The water hose is removed at this point, and one of the original monkeys is replaced with a new monkey. When the new money sees the bananas, it starts climbing up, but the other monkeys, being social beings who don't want their companion to get wet, pull it down before it gets soaked. The new monkey is scared, looks around, and tries to climb the ladder repeatedly, only to be yanked back.
Finally, the new monkey accepts the group's code of behaviour and opts out of the banana hunt.
Over the next few days, a second monkey replaces one of the old monkeys, followed by the third, fourth, and fifth original monkeys being replaced by new monkeys who have never seen the water blasts. With perfectly ripe bananas dangling over and five new monkeys that had never seen a jet of water, no one tries to reach the bananas towards the end of the trial. They have all picked up on an unspoken rule: "You don't grab the bananas around here."

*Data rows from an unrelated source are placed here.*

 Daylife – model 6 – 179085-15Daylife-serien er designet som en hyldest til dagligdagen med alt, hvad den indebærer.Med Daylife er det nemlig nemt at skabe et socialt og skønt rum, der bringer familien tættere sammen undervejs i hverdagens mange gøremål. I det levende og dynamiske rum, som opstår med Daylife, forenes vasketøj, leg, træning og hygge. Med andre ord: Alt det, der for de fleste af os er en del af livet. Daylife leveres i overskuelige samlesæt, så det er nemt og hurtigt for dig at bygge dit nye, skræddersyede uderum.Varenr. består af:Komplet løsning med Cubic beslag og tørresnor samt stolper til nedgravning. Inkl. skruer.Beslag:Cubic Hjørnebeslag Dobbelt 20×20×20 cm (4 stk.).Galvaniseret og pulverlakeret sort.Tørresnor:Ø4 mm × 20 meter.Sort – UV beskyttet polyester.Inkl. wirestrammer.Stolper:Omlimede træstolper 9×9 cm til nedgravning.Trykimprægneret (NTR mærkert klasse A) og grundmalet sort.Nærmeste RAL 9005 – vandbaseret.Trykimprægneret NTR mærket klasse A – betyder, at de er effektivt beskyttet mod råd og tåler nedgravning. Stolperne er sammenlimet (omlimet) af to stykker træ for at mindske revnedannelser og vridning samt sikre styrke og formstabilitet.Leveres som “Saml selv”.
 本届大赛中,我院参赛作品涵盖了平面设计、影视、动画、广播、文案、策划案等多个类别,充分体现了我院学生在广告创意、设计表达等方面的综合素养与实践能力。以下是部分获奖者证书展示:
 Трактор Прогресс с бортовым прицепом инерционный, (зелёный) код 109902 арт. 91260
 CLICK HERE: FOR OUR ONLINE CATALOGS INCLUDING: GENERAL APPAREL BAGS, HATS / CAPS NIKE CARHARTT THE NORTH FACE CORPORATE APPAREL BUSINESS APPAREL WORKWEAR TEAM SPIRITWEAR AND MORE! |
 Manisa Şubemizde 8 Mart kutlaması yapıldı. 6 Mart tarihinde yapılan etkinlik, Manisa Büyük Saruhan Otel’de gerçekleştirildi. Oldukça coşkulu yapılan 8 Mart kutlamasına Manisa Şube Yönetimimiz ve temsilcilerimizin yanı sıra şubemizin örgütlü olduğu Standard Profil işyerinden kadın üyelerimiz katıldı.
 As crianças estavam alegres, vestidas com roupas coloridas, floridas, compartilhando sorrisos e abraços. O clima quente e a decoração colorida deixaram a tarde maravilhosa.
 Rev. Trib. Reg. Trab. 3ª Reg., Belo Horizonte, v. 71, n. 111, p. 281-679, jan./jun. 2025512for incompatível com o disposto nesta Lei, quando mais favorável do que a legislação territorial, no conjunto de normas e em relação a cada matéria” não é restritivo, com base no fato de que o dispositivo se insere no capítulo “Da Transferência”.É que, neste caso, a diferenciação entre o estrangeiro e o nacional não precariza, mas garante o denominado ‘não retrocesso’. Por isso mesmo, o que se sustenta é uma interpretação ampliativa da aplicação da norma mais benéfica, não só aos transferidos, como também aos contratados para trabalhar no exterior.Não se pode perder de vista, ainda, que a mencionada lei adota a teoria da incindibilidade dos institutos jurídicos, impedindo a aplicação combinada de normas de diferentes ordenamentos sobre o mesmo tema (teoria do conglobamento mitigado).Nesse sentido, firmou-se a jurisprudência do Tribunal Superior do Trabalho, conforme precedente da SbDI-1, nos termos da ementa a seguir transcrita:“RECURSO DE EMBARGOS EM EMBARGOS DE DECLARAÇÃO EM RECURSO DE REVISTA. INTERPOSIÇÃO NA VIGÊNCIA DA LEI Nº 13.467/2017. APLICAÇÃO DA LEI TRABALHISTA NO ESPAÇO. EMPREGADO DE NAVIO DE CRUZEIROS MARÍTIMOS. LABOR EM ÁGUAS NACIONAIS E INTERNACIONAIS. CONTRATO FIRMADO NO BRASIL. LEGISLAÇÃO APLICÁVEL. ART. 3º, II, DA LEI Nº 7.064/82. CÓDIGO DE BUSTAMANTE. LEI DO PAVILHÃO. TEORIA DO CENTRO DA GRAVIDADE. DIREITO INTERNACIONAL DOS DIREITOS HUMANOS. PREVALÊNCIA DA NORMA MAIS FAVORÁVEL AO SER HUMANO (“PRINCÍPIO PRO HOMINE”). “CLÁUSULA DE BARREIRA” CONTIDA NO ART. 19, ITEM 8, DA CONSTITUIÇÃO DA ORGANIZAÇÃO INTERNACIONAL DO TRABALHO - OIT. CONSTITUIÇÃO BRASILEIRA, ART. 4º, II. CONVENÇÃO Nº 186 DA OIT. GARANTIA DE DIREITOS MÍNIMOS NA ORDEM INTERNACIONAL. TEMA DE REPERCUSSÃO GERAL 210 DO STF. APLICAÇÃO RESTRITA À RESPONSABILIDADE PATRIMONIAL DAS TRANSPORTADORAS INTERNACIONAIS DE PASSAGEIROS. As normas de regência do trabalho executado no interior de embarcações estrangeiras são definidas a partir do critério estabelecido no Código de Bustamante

The preceding example exemplifies why any type of organisational reform is challenging. The sum of an organization's fundamental beliefs, assumptions, values, and ways of engaging with one another is its culture. All four of these factors are affected and anchored in previous practises. Even when prior practises are no longer relevant or optimal, they become embedded, causing the organisation to lose its market and external environment alignment.
Companies like Kodak, Nokia, Xerox (PC), Yahoo, Blackberry, Polaroid, Toshiba, and Motorola are ideal instances of companies that have been unable to break free from the restraints of the past. Become the architect of your own future instead of being a prisoner of your past.
“I am not what occurred to me, I am what I choose to become,” Carl Jung, the pioneer of analytical psychology and a Swiss physician and psychoanalyst, famously said.
The most significant impediment to successful changes is the need to change mindsets. The trick is to make both an individual and institutional transition at the same time.